Trent blinked. "No. No. No, Mars," he stressed. "Mars is boring. The Mormons, really. Nice people, but boring. I stayed at the Mormon colony north of here for almost a year back in '74, you know."
"Back before Belinda left me a ship and a bunch of stock and I got rich. People trying to kill me was all that livened things up around here. If it wasn't for the assassins I'd probably have killed myself."
"Of boredom?" said Captain Saunders slowly.
"You're really trying very hard to understand this, aren't you?"
Trent smiled at the woman. "I appreciate it."
"I'm not sure it's helping."
"Don't sweat the small stuff, okay? It's okay. It ended. Eventually. It just seemed like forever."
"Could we possibly," said Singer in a plainly hostile tone, staring at Trent, "talk about something other than 'Sieur Castanaveras' neuroses?"
Hera Saunders appeared to be struggling with what to say next. "I understand," she said finally, "that you did not really enjoy Mars. Was there more to it than that?"
"In the morning," said Trent cheerfully, "I got up and went to church with the Mormons who lived down the way. Then, for a break, I had lunch and then we would go pray some more. Then we had dinner and then I would go run simulations, which was boring but not as boring as praying.
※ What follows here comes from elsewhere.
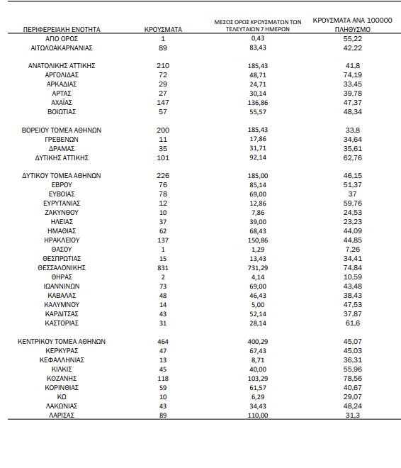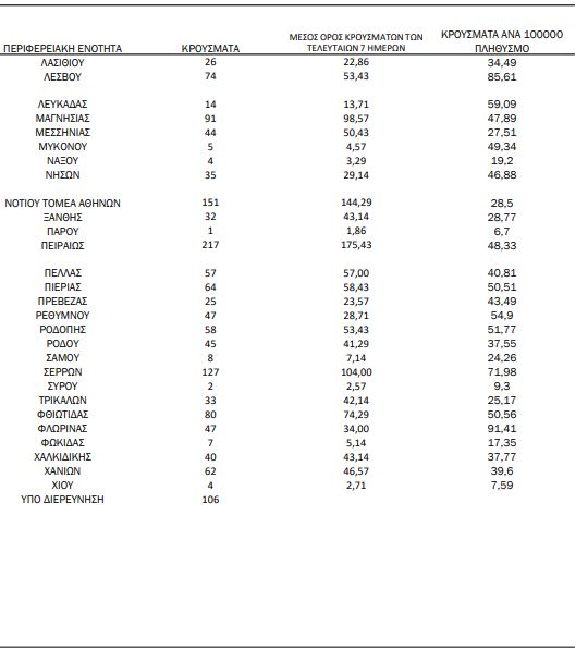Ο συνολικός αριθμός των κρουσμάτων ανέρχεται σε 994.901 (ημερήσια μεταβολή +0.5%), εκ των οποίων 50.5% άνδρες. Με βάση τα επιβεβαιωμένα κρούσματα των τελευταίων 7 ημερών, 95 θεωρούνται σχετιζόμενα με ταξίδι από το εξωτερικό και 2.848 είναι σχετιζόμενα με ήδη γνωστό κρούσμα
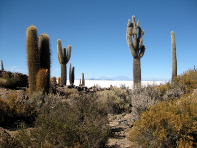 Mitten im Salz die Insel Incahuasa oder (für die Touristen) Isla del pescador, Fischerinsel, weil sie angeblich wie ein Fisch

Then, in the evenings, I audited books, the news from Earth, whatever. Once," he said, "there was supposed to be a big dance. A party. I went. Do you know what they were doing?" he demanded. "Do you know? They were square dancing. I went down to the hydroponics farm, turned on the sunpaint and watched the wheat grow. All night."
Rickie Gorabel, skipper of the SpaceFarer Ship Adzel, owner of some two hundred Collective ships, was a dark-skinned, excessively muscular, verging-on-plump woman who reminded Trent a lot of Belinda Singer, except that Gorabel was a lot meaner and not as sly. She smiled at Trent and Trent smiled back at her; her sense of humor was a lot like his, and he liked her a great deal.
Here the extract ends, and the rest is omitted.